### WHAT IS EXPECTED
Retype every line from the start of the entries below down to the line with "2026年OB会総会を開催しました ・2026年1月3日 母校体育館でOB会総会を開催しました", both ends included; skip the pictures.

** Opening INFORMATION SUPPLIED block **

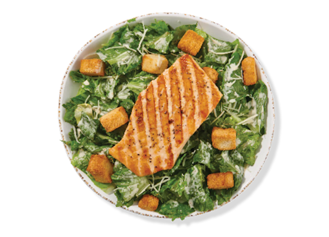 Salmon, Romaine blend, Parmesan and croutons served with Caesar dressing.
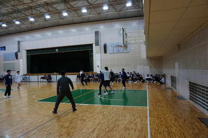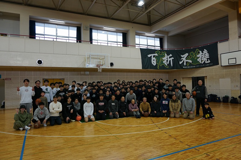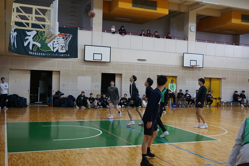 2026年OB会総会を開催しました ・2026年1月3日 母校体育館でOB会総会を開催しました ・会則に沿って議事を進め活動状況報告や会計報告を了承し、現役とOBとの懇親試合が開催され、若い学生OBのパワー溢れるプレーに押し負けました。 ・また恒例のFS大会ではたくさんの賞品を前に、ディフェンスが入り牽制と集中が入り乱れたシューテングとなりました。
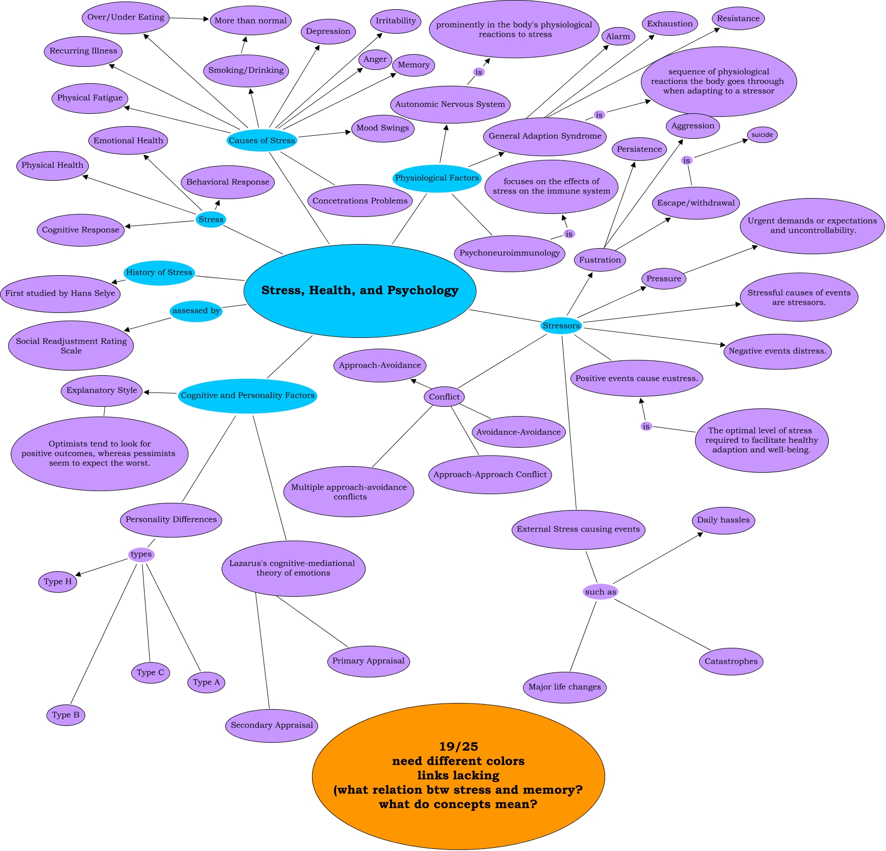 This Concept Map, created with IHMC CmapTools, has information related to: ElizabethHoke Ch11 19, Smoking/Drinking ???? More than normal, Personality Differences types Type B, Psychoneuroimmunology is focuses on the effects of stress on the immune system, Stress, Health, and Psychology Cognitive and Personality Factors Explanatory Style, Fustration ???? Persistence, Conflict ???? Avoidance-Avoidance, Stress, Health, and Psychology Physiological Factors Autonomic Nervous System, General Adaption Syndrome ???? Alarm, Stress, Health, and Psychology Causes of Stress Depression, Stress, Health, and Psychology Cognitive and Personality Factors Lazarus's cognitive-mediational theory of emotions, Stress, Health, and Psychology Stress Physical Health, The optimal level of stress required to facilitate healthy adaption and well-being. is Positive events cause eustress., Stress, Health, and Psychology Stressors Positive events cause eustress., Stress, Health, and Psychology Causes of Stress Irritability, Fustration ???? Aggression, Stress, Health, and Psychology Cognitive and Personality Factors Personality Differences, External Stress causing events such as Daily hassles, Stress, Health, and Psychology Causes of Stress Physical Fatigue, Lazarus's cognitive-mediational theory of emotions ???? Primary Appraisal, General Adaption Syndrome ???? Exhaustion
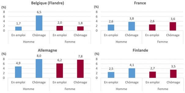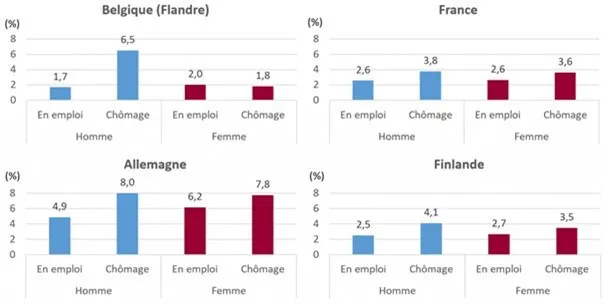 Source : Anne Solaz, Marika Jalovaara, Michaela Kreyenfeld et al., 2020, "Unemployment and separation: Evidence from five European countries", Journal of Family Research 32: 145–176
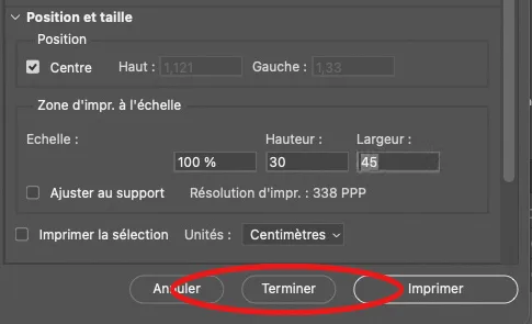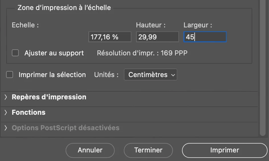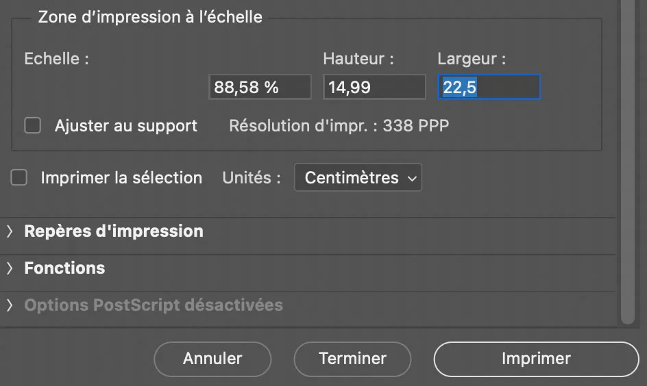 Si Photoshop mémorise la résolution, il ne peut en revanche mémoriser une taille d’image en cm (ou mm ou pouce) pour des images de taille différente de celle qui a servi pour créer l’action. A moins de conjuguer un rééchantillonnage de la résolution avec un ajustement dimensions en cm. L’action créée à partir d’un fichier de 6000 x 4000 pixels avec un fichier de 3000 x 2000 pixels, les paramètres d’impression de Photoshop ne vont pas mémoriser les 45 cm de long, mais la résolution de 338 ppp. La fenêtre d’impression de Photoshop affichera en conséquence une image de 22,5 cm de long. Il faudra donc ajuster la longueur à 45 cm dans les paramètres d’impression.

** Closing INFORMATION SUPPLIED block **

### EXPECTED ANSWER
 Salmon, Romaine blend, Parmesan and croutons served with Caesar dressing.
 2026年OB会総会を開催しました ・2026年1月3日 母校体育館でOB会総会を開催しました ・会則に沿って議事を進め活動状況報告や会計報告を了承し、現役とOBとの懇親試合が開催され、若い学生OBのパワー溢れるプレーに押し負けました。 ・また恒例のFS大会ではたくさんの賞品を前に、ディフェンスが入り牽制と集中が入り乱れたシューテングとなりました。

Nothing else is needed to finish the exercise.